Dealing with jealousy at work

Your colleague just got promoted or landed an important project that could define their career. To you, they seem to have the perfect life – everything seems to work out for them, falling effortlessly in place. You are happy for them but deep down the insistent voice inside you whispers, "Why them?" or even more troubling, "I wish they would fail."

This unsettling feeling is Jealousy – a feeling of unhappiness and anger because someone has something or someone that you want – that’s how the Cambridge Dictionary describes it. It is way more than that, a multifaceted emotion that can impact everything that defines you – your self-worth, mental health, and work life. It’s just not you. I believe everyone has had these feelings at least once, and it seems to get worse when a crisis befalls you. Jealousy isn’t an easy emotion to embrace. Many of us try to hide it, worrying about what others would think if they knew we were jealous of someone else’s success.

Jealousy, if left unchecked, can severely damage your relationships at work, hinder productivity and elevate your stress levels. Addressing this emotion is crucial for achieving fulfilment in your professional life. We sometimes take out this feeling by belittling the person we resent “Of course, he got the project because he is the manager’s favourite”. As highlighted in the Harvard Business Review’s article, “Envy at Work”, we tend to envy those close to us more intensely, possibly because their achievements seem within our reach. It can be because you believe you can achieve them too but they did. This jealousy can arise for various reasons, such as seeing your rivals receive promotions, higher salaries, or more recognition for similar work. 

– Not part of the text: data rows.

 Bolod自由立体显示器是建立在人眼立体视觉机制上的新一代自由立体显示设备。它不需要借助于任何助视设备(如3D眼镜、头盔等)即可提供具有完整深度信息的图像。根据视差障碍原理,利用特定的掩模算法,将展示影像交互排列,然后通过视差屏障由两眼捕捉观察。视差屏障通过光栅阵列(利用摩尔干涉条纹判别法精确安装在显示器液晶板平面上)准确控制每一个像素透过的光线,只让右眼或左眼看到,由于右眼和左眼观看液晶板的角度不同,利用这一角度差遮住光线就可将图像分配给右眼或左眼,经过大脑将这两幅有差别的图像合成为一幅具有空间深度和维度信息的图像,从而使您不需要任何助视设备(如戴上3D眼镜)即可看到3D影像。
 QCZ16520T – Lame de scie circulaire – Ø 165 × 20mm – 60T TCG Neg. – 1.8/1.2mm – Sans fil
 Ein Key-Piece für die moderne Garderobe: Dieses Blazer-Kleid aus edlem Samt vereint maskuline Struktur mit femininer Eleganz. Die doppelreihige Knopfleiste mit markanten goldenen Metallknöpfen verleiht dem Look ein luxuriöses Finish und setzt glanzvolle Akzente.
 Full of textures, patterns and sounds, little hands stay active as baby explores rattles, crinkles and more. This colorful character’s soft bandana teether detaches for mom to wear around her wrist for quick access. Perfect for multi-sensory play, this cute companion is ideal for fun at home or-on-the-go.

So, how do I whisper back to myself “ I will work my way up too”?  Let’s look at how to decode this emotion. 

  • What Triggers these emotions for me? — As mentioned above there could be various reasons that sparks this emotion. Those are just a few of them. Try identifying what it is for you that makes you feel that way. 

  • Yes, I feel Jealous of them — Own your Jealousy. Acknowledge it. This step is crucial. Once you say that out loud, you’ll start to feel a sense of relief. I’m not asking you to make an announcement about this in the workplace, but a little self-talk would work just right. 

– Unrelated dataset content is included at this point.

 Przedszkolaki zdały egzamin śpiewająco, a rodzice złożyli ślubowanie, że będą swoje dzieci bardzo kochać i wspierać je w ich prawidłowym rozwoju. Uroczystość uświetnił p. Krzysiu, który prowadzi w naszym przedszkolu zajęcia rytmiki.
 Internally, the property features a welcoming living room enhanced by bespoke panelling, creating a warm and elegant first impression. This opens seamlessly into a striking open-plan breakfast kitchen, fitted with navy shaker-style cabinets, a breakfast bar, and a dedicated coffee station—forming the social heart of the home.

What’s next? I have admitted I feel jealous of my colleagues because they got promoted even though we had similar evaluation scores. 

Look for a course of action — This can involve seeking support from a superior or talking to a support group within your company. You could also consider setting realistic, achievable goals. Setting smaller, manageable goals can significantly boost your self-esteem. This process is about developing a learning mindset. 

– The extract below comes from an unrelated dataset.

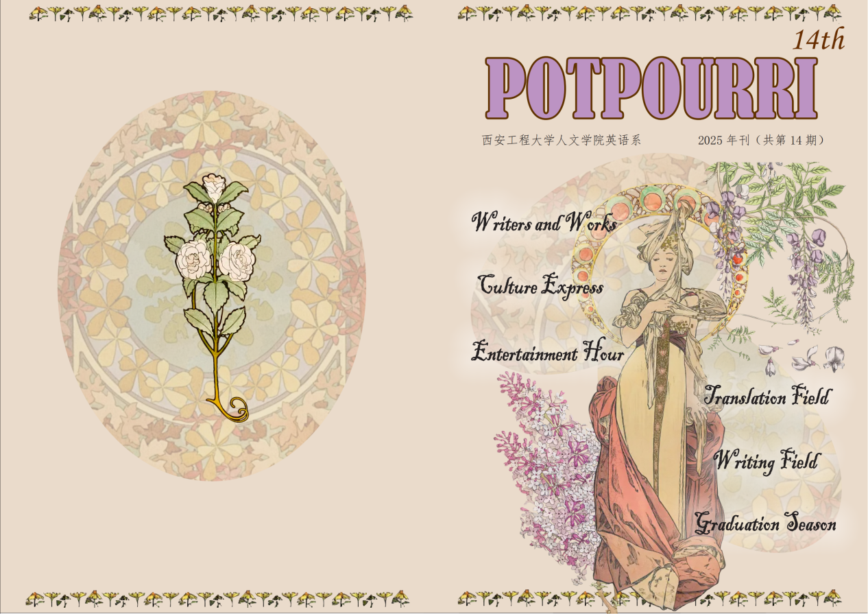 2025年6月16日,在2026世界杯官网英语系“三全育人”导师团的共同努力下,英语系系刊POTPOURRI第十四期顺利出刊。

What if I have to work with the person I’m jealous of? 

Yes, this can be challenging. Those feelings may resurface. But this time, take your time. Instead of feeling threatened, make it into a learning opportunity. Try to objectively observe what qualities they have to lead to their promotion, what they did differently, and what additional skills they possess. Identify them and work on improving yourself. 

Use jealousy to fuel your professional and personal growth. Celebrate your progress, and keep reminding yourself that your journey is unique and yours. 


Resources:

Harvard Business Review. “Envy at Work”. (April, 2010). By Tanya Menon and Leigh Thompson.